1) Evolution. Not Darwinism.

2) Evolution is not a "necessary condition" (in terms of necessary and sufficient conditions in logic) of the rise of Nazism in Germany after World War I, and you'd be hard-pressed to argue otherwise. For those who aren't following along, you're saying that the rise of the Nazi categorically could *not* have happened without the theory of evolution, a claim which is deficient on its face. Plus it seems inconsistent of you. Your man Wittgenstein rejects the use of necessary and sufficient conditions in favor of his "family resemblance" theory, if I remember my aesthetics philosophy correctly.

In your absence, I missed this slithery and deviant quality of your intellectual arguments.

Right, like this argument needs more Austrio-German references.

Well, like I said, it's arguable.

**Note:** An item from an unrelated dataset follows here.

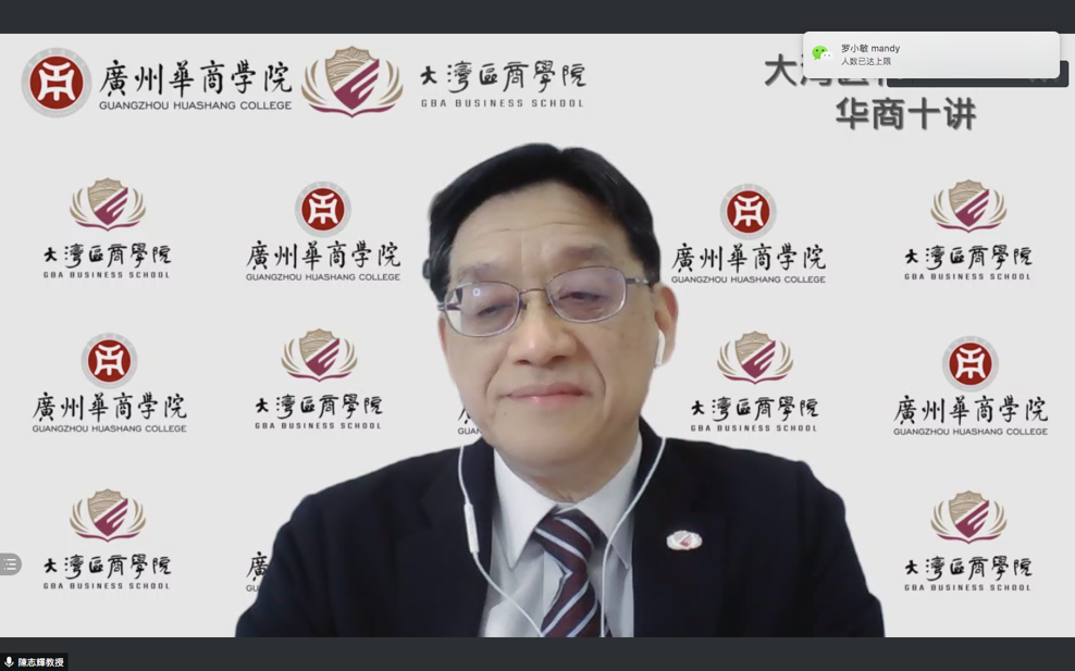 大湾区商学院校长陈志辉教授表示本次活动将给大家提供高质素师资、社会网络、学术平台及终身学习基地。华商教育集团副董事长兼总裁、粤港澳大湾区青年职业发展促进会创会主席廖伊曼女士提及,希望通过系列讲座能够促进整个粤港澳大湾区科创人才培养与交流。

Hitler and his take on the master race certainly was buttressed by the "Science" of most favored races. Maybe he thought it was inevitable. The Nazi thing is touched on only briefly though.

They make a much bigger deal over Eugenics -- which I don't think it's debatable that that apple did not fall far from the tree. You can go over to YouTube and see the propaganda films-- one they used in the movie -- Malthusian claims about what will happen if we let all the freaks live, not very nice.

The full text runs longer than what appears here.